A pair of upper and lower plain bearings 10, 10 and a pair of upper and lower plain bearings 11, 11 are provided in the casing body 3, and a drive shaft 12 is rotatably supported by the flat bearings 10, 10. The drive gear 13 inserted into the gear accommodating chamber 4 is mounted and fixed by the key 14. A driven shaft 15 is rotatably supported by the plain bearings 11, 11, and a driven gear 16 which is inserted into the gear housing chamber 4 and meshes with the drive gear 13 is mounted on the driven shaft 15 and is fixed by a key 17.

The upper end of the drive shaft 12 penetrates a cylindrical seal housing 7 a extending to the upper cover 7, and is connected to the output shaft of the electric motor via a coupling 18. Inside the seal housing 7a, a mechanical seal 19 and an oil seal 20 that seal a gap with the drive shaft 12 are provided, and a seal cover 21 is attached to an end surface of the seal housing 7a. A safety valve 22 attached to the casing body 3 communicates with the discharge port 6 of the casing body 3.

When the drive shaft 12 rotates due to the start of the motor, the drive gear 13 and the driven gear 15 rotate while meshing with each other, and low-quality fuel oil is delivered from the intake port 5 to the discharge port 6 via the gear housing 4. , Passes through a delivery pipe (not shown) connected to the discharge port 6 and is delivered to the marine engine. When the pressure in the discharge port 6 rises above the set safety limit pressure, the safety valve 21 operates and some fuel oil is returned to the suction side, and the pressure in the discharge port 6 becomes normal.

[0006]

[Problems to be solved by the device]

 Of the low-quality fuel oil pressurized in the gear accommodating chamber 4, the fuel oil that passes through the gap between the drive shaft 12 and the plain bearing 11 and reaches the inside of the seal housing 7a is exposed to the outside by the shaft seal portion (mechanical seal 19). Leakage is blocked. The low-quality fuel oil that has been prevented from leaking is gradually solidified and hardened inside the shaft seal.

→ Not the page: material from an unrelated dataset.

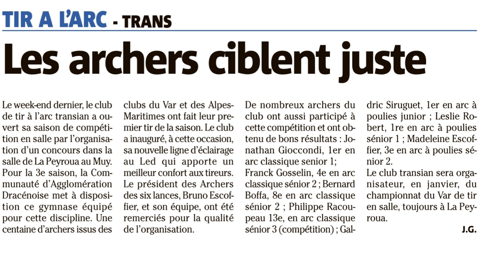 Présence en nombre des archers du club ce week-end au Muy; certains réalisent leur record en salle.

In particular, when the operation of the pump is stopped, the oil temperature in the shaft seal portion is lowered and the viscosity and hardness of the fuel oil are increased, so that there is a problem that the drive shaft and the shaft seal portion are damaged at the start of operation. When the temperature of the fuel oil is high, the leaked oil from the mechanical seal 19 comes into contact with the outside air, and the oil temperature lowers to become solidified and carbonized sludge. This sludge will damage the sliding surface of the mechanical seal, and especially the damage will occur when the pump is restarted after it is stopped. The present invention aims to solve such problems.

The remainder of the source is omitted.